Among the entries below, extract exactly the lines that run from the one with "This code can" through the one with "SEMI ANTIQUE HERIZ", both ends included.

-- Dataset extract follows --

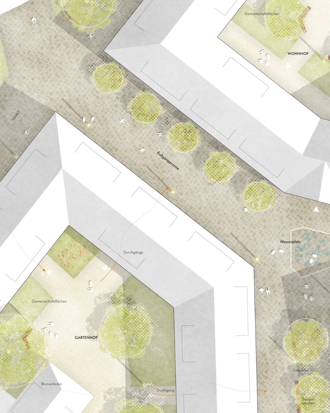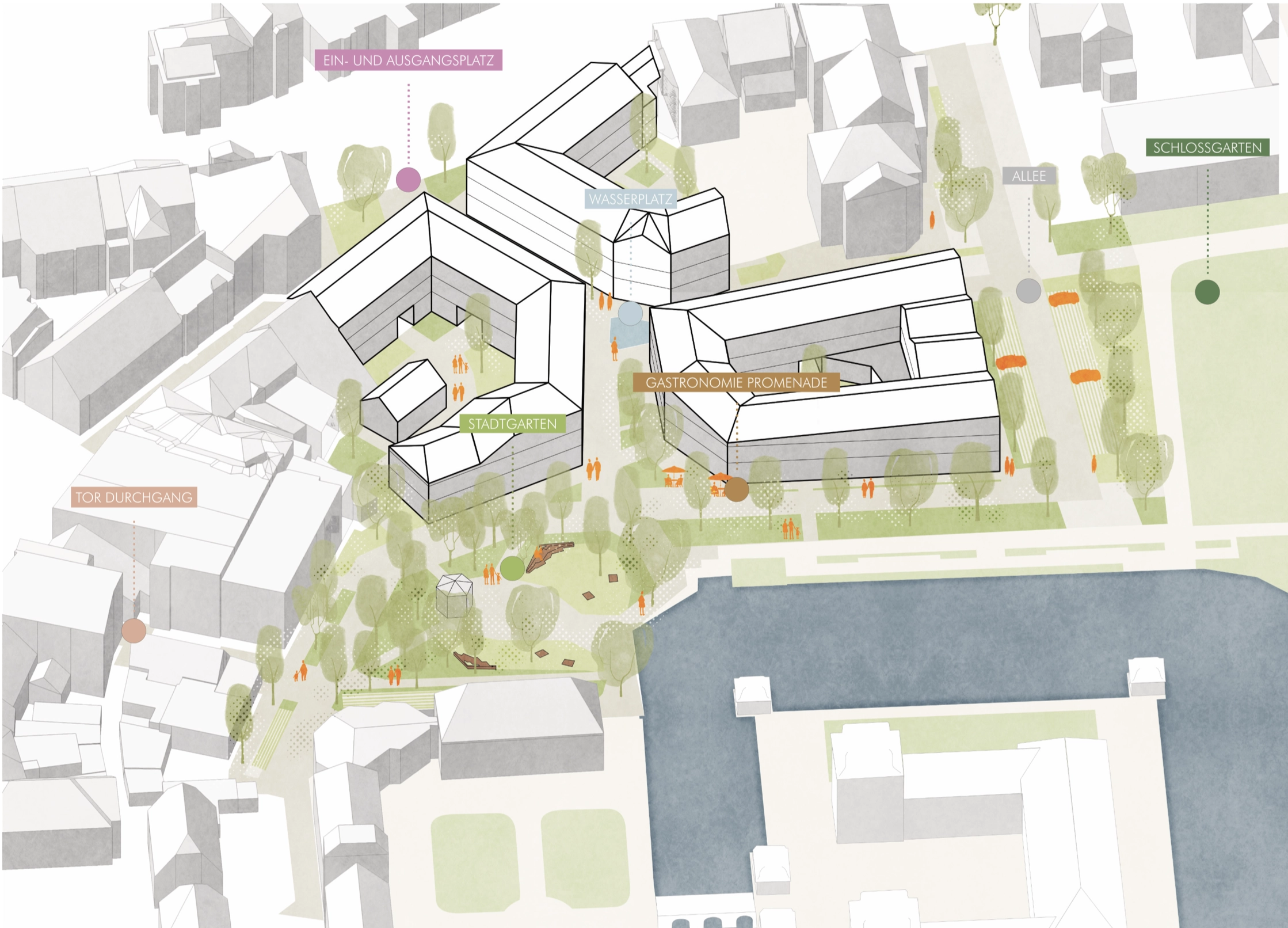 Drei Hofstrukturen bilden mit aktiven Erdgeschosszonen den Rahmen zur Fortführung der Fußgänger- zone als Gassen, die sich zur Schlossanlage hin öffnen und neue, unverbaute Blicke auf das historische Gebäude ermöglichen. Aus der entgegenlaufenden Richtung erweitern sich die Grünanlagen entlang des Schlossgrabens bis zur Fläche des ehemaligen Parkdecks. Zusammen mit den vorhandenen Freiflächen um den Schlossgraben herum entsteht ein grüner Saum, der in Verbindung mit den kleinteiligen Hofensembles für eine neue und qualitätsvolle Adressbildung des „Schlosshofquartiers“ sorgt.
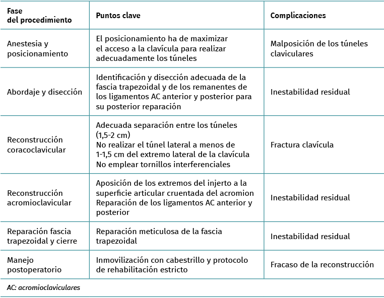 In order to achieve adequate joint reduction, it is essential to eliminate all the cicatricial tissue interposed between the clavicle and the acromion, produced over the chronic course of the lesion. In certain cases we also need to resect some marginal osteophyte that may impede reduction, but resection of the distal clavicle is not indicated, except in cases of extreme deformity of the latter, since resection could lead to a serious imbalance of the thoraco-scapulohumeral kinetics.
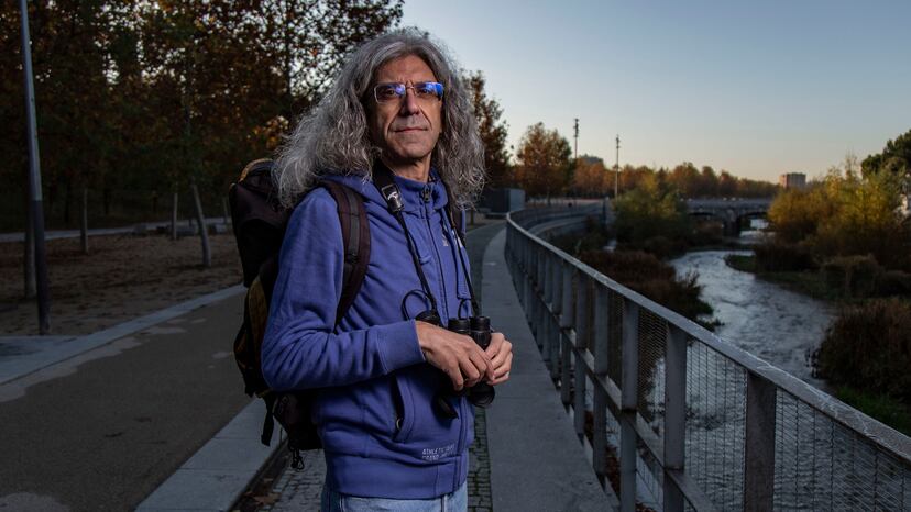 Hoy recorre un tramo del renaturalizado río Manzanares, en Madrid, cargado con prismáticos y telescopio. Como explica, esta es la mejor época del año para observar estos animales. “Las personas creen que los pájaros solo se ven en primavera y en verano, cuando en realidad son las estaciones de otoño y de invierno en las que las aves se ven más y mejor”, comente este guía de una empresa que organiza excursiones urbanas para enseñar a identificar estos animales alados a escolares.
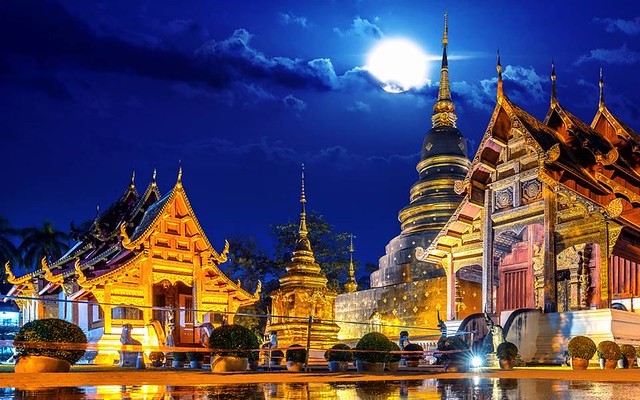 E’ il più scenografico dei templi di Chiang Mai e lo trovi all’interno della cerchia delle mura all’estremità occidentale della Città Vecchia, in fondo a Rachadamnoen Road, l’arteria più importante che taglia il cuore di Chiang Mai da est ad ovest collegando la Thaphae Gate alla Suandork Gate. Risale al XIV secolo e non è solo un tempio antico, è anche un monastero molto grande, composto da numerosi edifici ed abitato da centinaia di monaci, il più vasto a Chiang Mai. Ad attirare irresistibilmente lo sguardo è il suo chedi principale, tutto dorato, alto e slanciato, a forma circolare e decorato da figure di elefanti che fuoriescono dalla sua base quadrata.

-- Dataset extract concluded --
-- Dataset extract follows --

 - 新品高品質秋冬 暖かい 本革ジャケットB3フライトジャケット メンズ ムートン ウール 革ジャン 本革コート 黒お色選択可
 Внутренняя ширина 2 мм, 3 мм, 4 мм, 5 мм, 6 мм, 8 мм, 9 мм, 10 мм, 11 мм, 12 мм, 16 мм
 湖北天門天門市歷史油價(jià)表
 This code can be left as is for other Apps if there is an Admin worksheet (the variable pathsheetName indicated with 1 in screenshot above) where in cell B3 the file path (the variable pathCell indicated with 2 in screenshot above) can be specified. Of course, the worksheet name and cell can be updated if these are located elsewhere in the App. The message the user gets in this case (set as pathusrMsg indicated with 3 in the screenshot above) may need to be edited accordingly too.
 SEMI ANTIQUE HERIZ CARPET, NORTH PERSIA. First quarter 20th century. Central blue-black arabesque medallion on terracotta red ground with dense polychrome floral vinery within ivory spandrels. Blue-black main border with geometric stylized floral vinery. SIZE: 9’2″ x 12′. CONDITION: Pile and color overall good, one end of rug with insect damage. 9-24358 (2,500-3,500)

-- Dataset extract concluded --

• Answer below:
 This code can be left as is for other Apps if there is an Admin worksheet (the variable pathsheetName indicated with 1 in screenshot above) where in cell B3 the file path (the variable pathCell indicated with 2 in screenshot above) can be specified. Of course, the worksheet name and cell can be updated if these are located elsewhere in the App. The message the user gets in this case (set as pathusrMsg indicated with 3 in the screenshot above) may need to be edited accordingly too.
 SEMI ANTIQUE HERIZ CARPET, NORTH PERSIA. First quarter 20th century. Central blue-black arabesque medallion on terracotta red ground with dense polychrome floral vinery within ivory spandrels. Blue-black main border with geometric stylized floral vinery. SIZE: 9’2″ x 12′. CONDITION: Pile and color overall good, one end of rug with insect damage. 9-24358 (2,500-3,500)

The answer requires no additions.